Californians Head to Reno, NV to Satisfy Foie Gras Fix
Sun, surf, and perfect weather. What more could Californians want?
Foie gras, that’s what.
Ever since the controversial food, which translates to “fat liver” in French, was banned from California in July last year, chefs and foodies alike have been on the hunt for the delicacy.
And now the obsession with foie gras — fattened duck or goose liver, that is — has been taken to a completely new level.
As the Reno Gazette-Journal notes, foie gras aficionados now have no qualms about travelling to another state to get the banned food. For many, that means heading over to Reno, Nevada to get their fix of the fatty stuff.

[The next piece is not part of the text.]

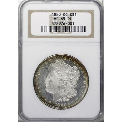 <B>1880-CC $1 MS65 Prooflike NGC.</B></I> Slivers of golden-brown, cobalt-blue, and lavender patination hug the margins of this Prooflike Gem. The design elements are reasonably defined, and stand out against the semi-mirrored fields. A few unobtrusive luster grazes possibly prevent an even finer grade.<BR><BR><B>Coin Engraver:</B> George T. Morgan<BR><BR><b>Shipping:</b> Coins & Currency (<a target="_blank" href="http://www.heritageauctions.com/common/shipping.php">view shipping information</a>)
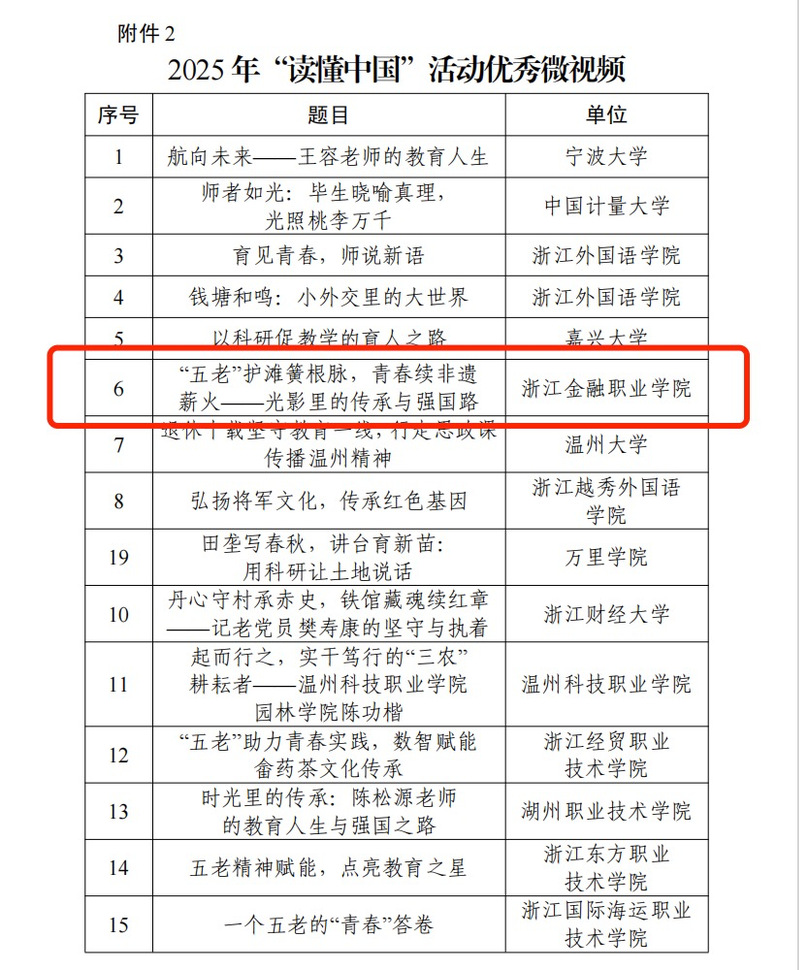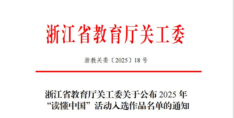 近日,浙江省教育厅关工委公布2025年“读懂中国”活动入选作品名单,我校师生作品《“五老”护滩簧根脉,青春续非遗薪火——光影里的传承与强国路》成功入选2025年“读懂中国”活动优秀微视频,充分展现我校青年学子对“五老”精神的理解与传承,展现助力文化强国建设的青春担当。

Foie gras is often created by force-feeding the bird to enlarge their liver. This process, known as gavage, is seen as cruel by many animal rights groups.
Already, about a dozen restaurants in the Reno area are offering up the delicacy. And it’s no surprise, since many restaurants know it could be a lucrative move for their businesses.
“Right after the ban, we saw a big resurgence of people coming from the Bay Area, and that sort of leveled off, but the holidays are in there, too. People are very happy to come over here and have it,” Carol Wilson, a general manager at 4th St. Bistro, told the local newspaper.
Restauranteurs in California have been trying to sneak the highly coveted item onto the menu, with some success (many dub the foie gras “complimentary” in order to skirt the laws about selling the delicacy). But according to a CNBC report on the Nevada foie gras boom, it’s gotten harder to get away with serving the illegal food at home.
Reno: If you bring foie gras, we will come.